Writing for ZDNet, Ken Hess reports in from the home office in Crazytown, USA.
“Where’s Apple’s ‘Chromebook’? The need for a cheap Apple product” (tip o’ the antlers to Chris Breen).
If you own any Apple devices, it’s likely that you didn’t buy them at a significant discount or at a cost savings. It’s obvious from Apple’s earliest days that its founders didn’t care much for the low cost market, but I think that’s about to change and the humble Chromebook is the breaking point product.
It wasn’t NetPCs, it wasn’t netbooks, it wasn’t ultrabooks, but it’s totally going to be Chromebooks. This time for sure.
If you compare a $1,300* Macbook Air (Air) to a $200-$300 Chromebook, there’s not much to say just based on price alone.
Oh, say, Ken, what’s the footnote?
*The price when I first looked at the ‘Air’.
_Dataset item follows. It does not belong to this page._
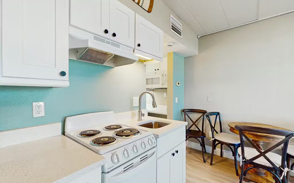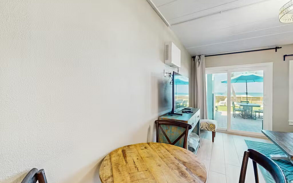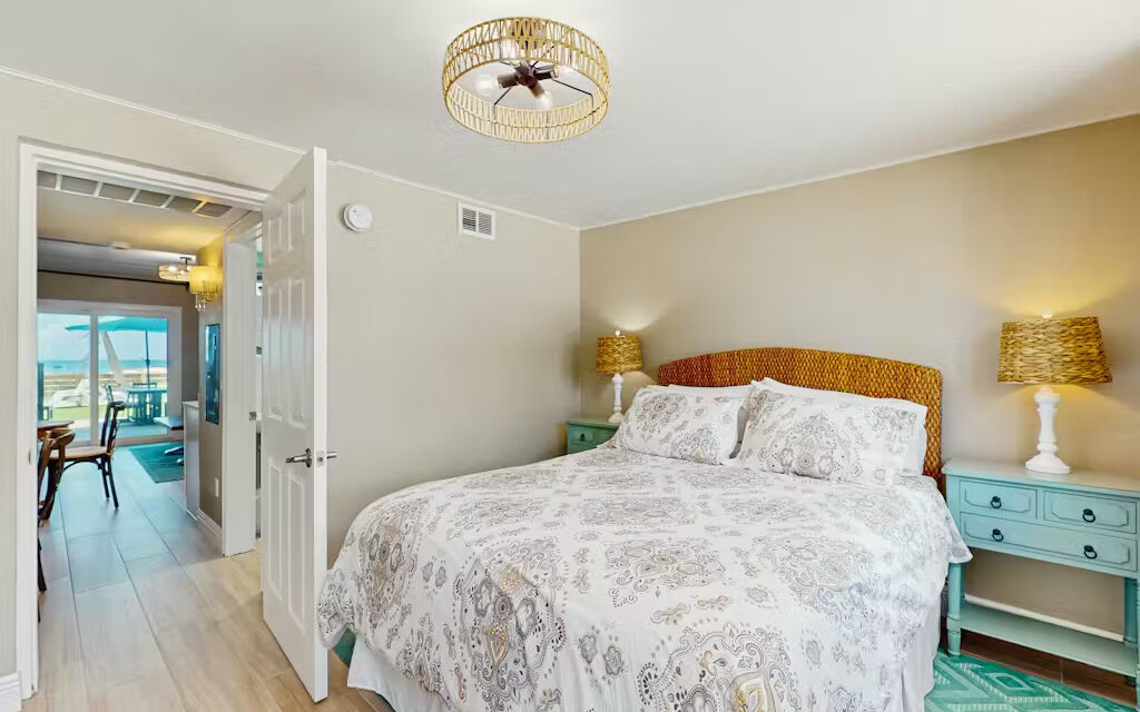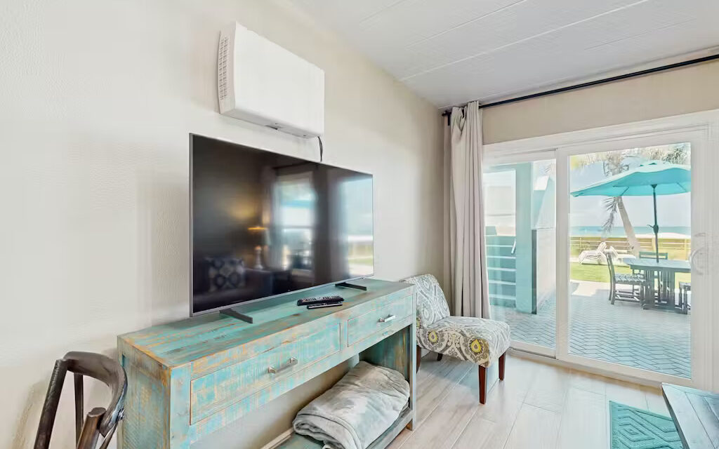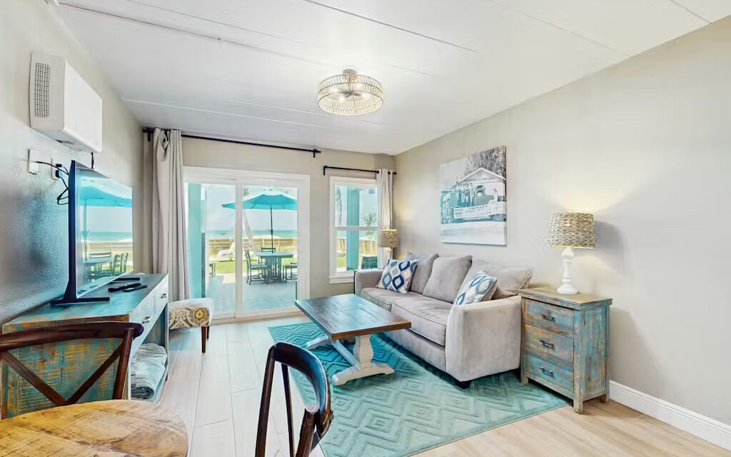Bungalow Beach Place – Unit 3 is located in building 1 on the first floor and offers everything you need for the perfect vacation including free assigned parking, daily 24/7 management availability and 24/7 check in and check out. Unit 3 offers the latest luxury features such as all new appliances, wood floors, granite counter tops, new cabinets and furniture. This beachfront unit is uniquely and tastefully decorated in a coastal theme with brand new flat screen televisions and complimentary state of the art Wi-Fi internet. Air conditioning and heating are also available. This unit sleeps up to 4 people with a sleeper sofa (in the living room) and a queen size bed (in the bedroom) that is fully appointed with a brand new pillow top mattress, dressed in down bedding and ultra-soft bamboo linens. There is also a fully equipped kitchen in unit 3 that includes a refrigerator, stove, oven, microwave, coffee maker, a toaster, dishes, glasses, pots, pans, and silverware.

To the Macalope’s knowledge, the entry price of the Air has never been $1,300. The 13-inch Air worked down to $1,500 in 2009 and then the 11-inch was introduced at $1,000 in 2010.
You can now buy an 11-inch Macbook Air for $899 and a 13-inch for $999. Is a $600 to $700 difference enough money to sway Apple fans to Chromebooks? Unlikely.
Don’t get the Macalope started on those guys. What with their concerns about design and build quality and ease of use and the fact that Chromebooks are underpowered and have little internal storage and really don’t compare in any way to a MacBook Air. Pff.
But is it enough of a difference to sway new buyers away from the Air? Yes, I think it is.
The Netbooks Argument, 2014 Edition.
And now that users can find apps and web-enabled applications to rival their installable counterparts, I’m not sure that there’s enough of a feature difference to justify the extra cost of an Air, even at the discounted price.
Say, how does Minecraft run on a Chromebook? Or any game from Steam? Oh, that’s right. Not at all.
But enough of the complaints about Apple’s overpriced products.
The heaviest of sighs. All of the sighs. Tom Sighsmore.
Apple products are not “overpriced.” They’re actually better. So they’re priced accordingly. A plastic Chromebook with 2GB of RAM and 16GB of storage ( actual Chromebook, actual specs) is $239 because it is nowhere near as good as a $899 aluminum unibody MacBook Air with 4GB of RAM and 128GB of storage. In any way.
Now, maybe a Chromebook is “good enough” for certain use cases. Yay! Good for you! Your expectations are sufficiently low that you don’t have to spend the extra $660. Maybe, for example, you don’t care about the MacBook Air’s ridiculously high resale value and that you could probably get $660 for it after two years of use. Maybe you’re just going to throw the Chromebook in the trash after two years. Maybe you like throwing laptops in the trash. Maybe that’s your thing. Your signature move. You throw a laptop in the trash and it explodes behind you as you walk away in slow motion. It’s odd but distinctive. If so, the Chromebook is for you. Godspeed!
But to say that Apple’s products are overpriced? No.
Meet the Apple Slice: The enhanced iOS notebook computer.
So, long story short, it’s an iPad Air with a keyboard. Which you can get today for $600. But Hess wants it for $400 because Apple’s going out of business unless it acts now or something. Despite the fact that “Macs have gained PC market share in 32 of the last 33 quarters.”
Sure. Apple will get right on that, Ken.